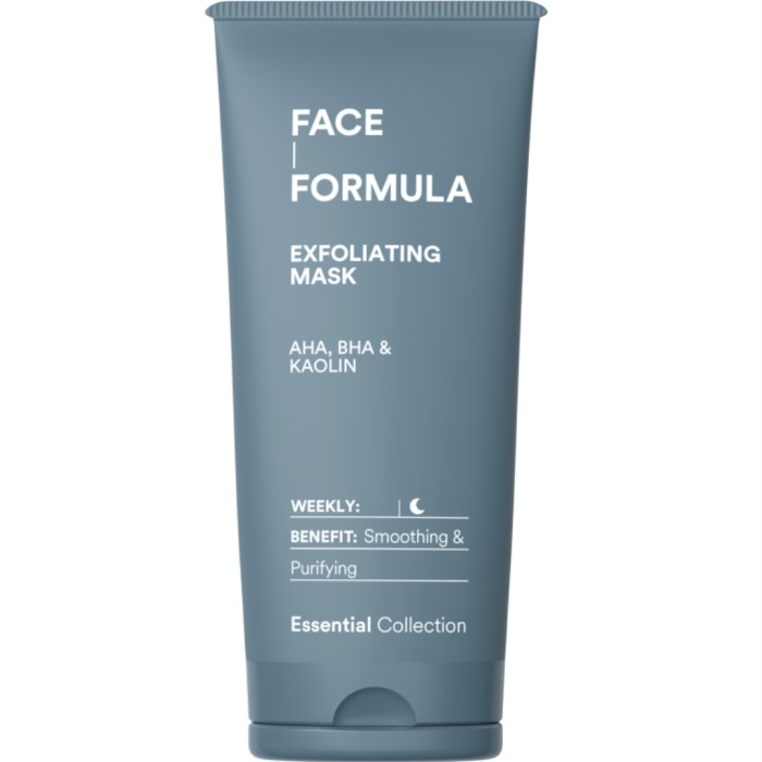 Face Formula Exfoliating Mask är en krämig lermask med AHA- och BHA-syra för en djup rengöring och effektiv exfoliering. Kaolin och bentonit-lera balanserar huden och absorberar skonsamt talg och orenheter, samtidigt som den bevarar fukt. Niacinamid jämnar ut hudtonen, minimerar synlighet av porer, reducerar pigmenteringar och stärker hudbarriären. Glykolsyra och mandelsyra exfolierar skonsamt, främjar cellförnyelsen och salicylsyra löser upp tilltäppningar och minskar orenheter. Azelainsyra ljusar upp, reducerar rodnad och hyperpigmentering och reglerar talgproduktionen med sina antibakteriella egenskaper.
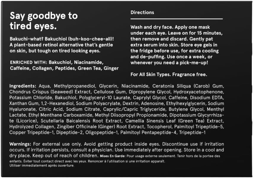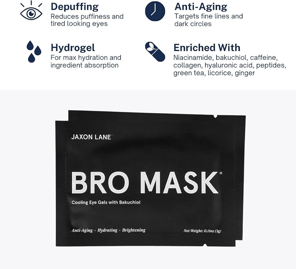 BRO MASK وسادات جل تحت العين: رقع العين المبردة للهالات السوداء والانتفاخ | مجموعة لصقات العين الهيدروجيلية المضادة للشيخوخة مع باكوشيول والشاي الأخضر وحمض الهيالورونيك والكافيين والنياسيناميد/فيتامين ب3-6 أزواج
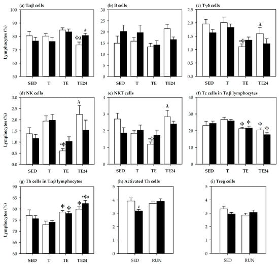 Percentages of blood lymphocytes: T (TCRαβ+) (a), B (TCRαβ- TCRγδ-CD161b-) (b), Tγδ (TCRγδ+) (c), natural killer (NK) (CD161b+) (d), natural killer T (NKT) (CD161b+TCRαβ+) (e), Th (CD4+CD161b- in TCRαβ+) (f), Tc (CD8+CD161b- in TCRαβ+) (g), Tact (CD25+Foxp3- in CD4+ TCRαβ+) (h), and Treg (CD25+Foxp3+ in CD4+ TCRαβ+) (i) cells. The proportions of Treg and Tact cells were established one week before final exhausting test (therefore, all runners). The non-supplemented groups are represented by white bars and the hesperidin-supplemented groups by black bars. SED = sedentary groups; T = trained groups; TE = T groups with an additional exhaustion test; TE24 = TE groups 24 h after the exhaustion test. Data are expressed as mean ± SEM (n = 8 for a–g, n = 8–15 for h,i). Statistical difference (Mann–Whitney U test): * p < 0.05 vs. SED group; ϕ p < 0.05 vs. T group; λ p < 0.05 vs. TE group; # significant differences between non-supplemented and the counterpart hesperidin-supplemented group (p < 0.05).

■ WHAT THE TASK ASKS: Starting with the first line of the data, transcribe every line exactly through the one containing "BRO MASK وسادات". No pictures go in.

■ ANSWER BELOW:
 Face Formula Exfoliating Mask är en krämig lermask med AHA- och BHA-syra för en djup rengöring och effektiv exfoliering. Kaolin och bentonit-lera balanserar huden och absorberar skonsamt talg och orenheter, samtidigt som den bevarar fukt. Niacinamid jämnar ut hudtonen, minimerar synlighet av porer, reducerar pigmenteringar och stärker hudbarriären. Glykolsyra och mandelsyra exfolierar skonsamt, främjar cellförnyelsen och salicylsyra löser upp tilltäppningar och minskar orenheter. Azelainsyra ljusar upp, reducerar rodnad och hyperpigmentering och reglerar talgproduktionen med sina antibakteriella egenskaper.
 BRO MASK وسادات جل تحت العين: رقع العين المبردة للهالات السوداء والانتفاخ | مجموعة لصقات العين الهيدروجيلية المضادة للشيخوخة مع باكوشيول والشاي الأخضر وحمض الهيالورونيك والكافيين والنياسيناميد/فيتامين ب3-6 أزواج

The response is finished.